The 1st Pomeranian Landwehr Cavalry (1. Pommersches Landwehr-Kavallerie) was a cavalry regiment of the Prussian Army during the Napoleonic Wars.

== History ==
On 17 March 1813, King Frederick William III ordered the formation of the Landwehr cavalry. The regiment was formed from June to July 1813. The 1st Squadron of the regiment was formed in early July from several contingents in Pyritz and Greifenhagen. The 2nd Squadron was formed almost entirely from men from Pyritz. The 3rd Squadron consisted of 28 from Pyritz, 30 from Greifenhagen, and 15 from Saatzig, and formed up in Massow. The 4th Squadron formed in Naugard on 1 July by combining detachments from Saatzig and Daber.

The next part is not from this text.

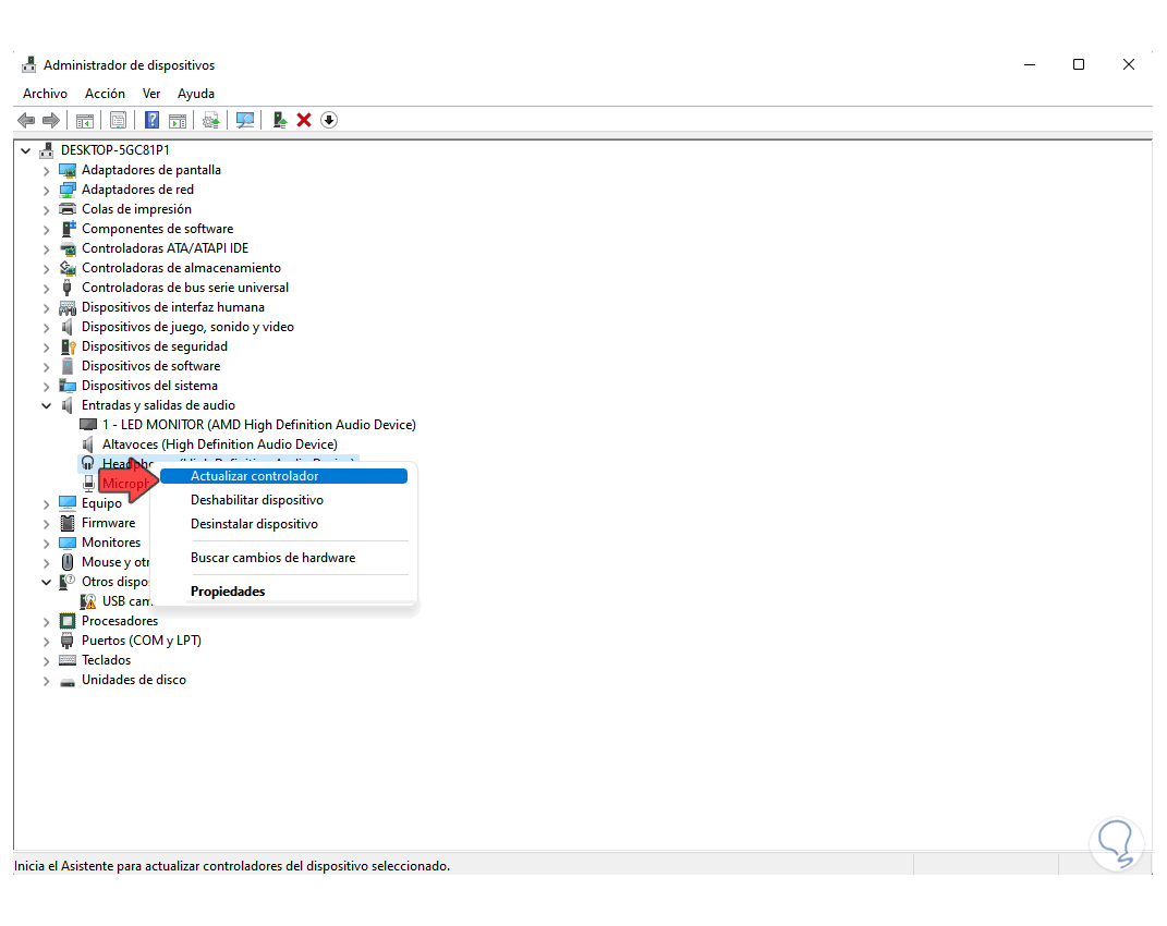 En "Entradas y salidas de audio" damos clic derecho sobre el controlador del auricular y seleccionamos "Actualizar controlador":
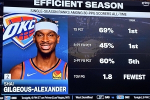 在單賽季所有場均至少30分的球員中,亞歷山大真實命中率69%、三分命中率45%皆是歷史第一;兩分球命中率60%是歷史第5,場均1.8助攻是歷史最少。

In 1813, the regiment participated in the War of the Sixth Coalition as part of the Prussian III Corps under General Friedrich Wilhelm von Bülow. At the Battle of Großbeeren, it participated as part of the 6th Brigade under Major General Karl August Adolf von Krafft, and achieved good results for the Prussian Army. The regiment was also later involved in the Battle of Dennewitz, as well as at the Battle of Leipzig. From November 1813 until January 1814, the unit was attached to the 4th Brigade under Lieutenant General August von Thümen.

During the Waterloo campaign, the regiment formed part of the IV Army Corps. At the Battle of Waterloo, the regiment acted as part of the Reserve Cavalry of the IV Corps. During the Allied advance into France, the regiment advanced from Creil to Senlis, where they drove off small French contingent before being driven away by a French cuirassier brigade. The regiment also formed part of the advance guard of the Prussian IV Army Corps.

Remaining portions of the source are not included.